[SUPPLIED DATA — start]
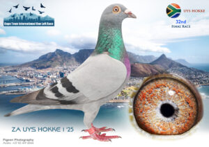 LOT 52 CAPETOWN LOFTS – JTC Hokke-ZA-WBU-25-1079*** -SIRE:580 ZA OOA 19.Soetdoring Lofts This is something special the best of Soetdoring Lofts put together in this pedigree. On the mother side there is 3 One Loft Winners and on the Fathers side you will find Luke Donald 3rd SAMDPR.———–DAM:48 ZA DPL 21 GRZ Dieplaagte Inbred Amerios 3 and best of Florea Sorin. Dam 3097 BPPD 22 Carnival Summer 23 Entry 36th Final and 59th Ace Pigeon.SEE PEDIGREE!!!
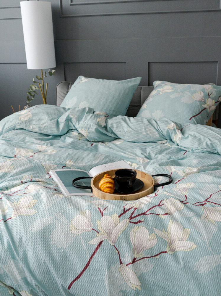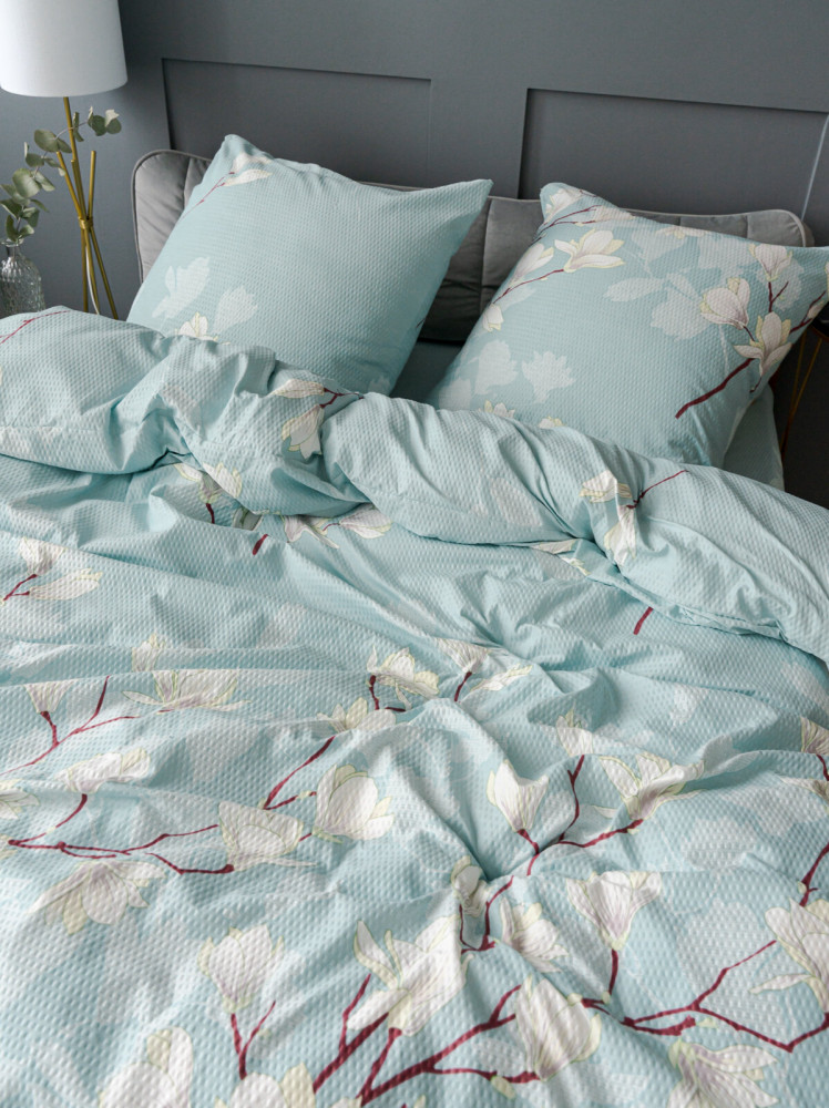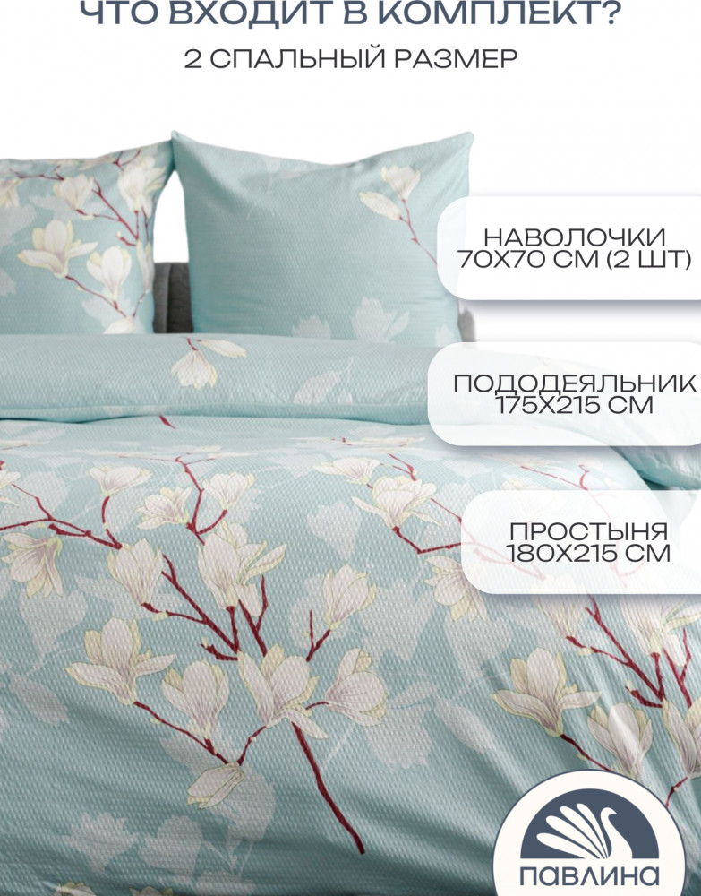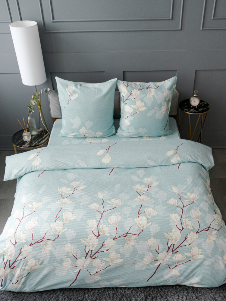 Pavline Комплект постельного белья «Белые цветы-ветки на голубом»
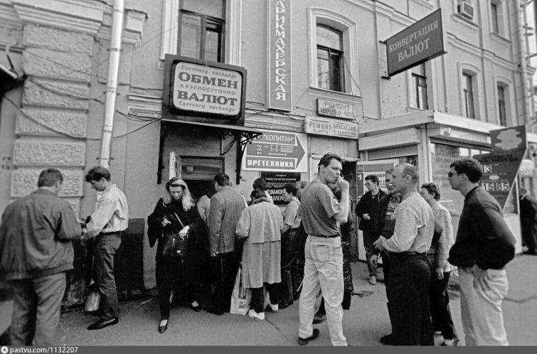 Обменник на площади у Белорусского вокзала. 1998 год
[SUPPLIED DATA — finish]
**PROBLEM REQUIREMENTS:** A word-for-word repetition of the data above, without pictures, is the expected answer.

**OUTPUT OF THE TASK:**
 LOT 52 CAPETOWN LOFTS – JTC Hokke-ZA-WBU-25-1079*** -SIRE:580 ZA OOA 19.Soetdoring Lofts This is something special the best of Soetdoring Lofts put together in this pedigree. On the mother side there is 3 One Loft Winners and on the Fathers side you will find Luke Donald 3rd SAMDPR.———–DAM:48 ZA DPL 21 GRZ Dieplaagte Inbred Amerios 3 and best of Florea Sorin. Dam 3097 BPPD 22 Carnival Summer 23 Entry 36th Final and 59th Ace Pigeon.SEE PEDIGREE!!!
 Pavline Комплект постельного белья «Белые цветы-ветки на голубом»
 Обменник на площади у Белорусского вокзала. 1998 год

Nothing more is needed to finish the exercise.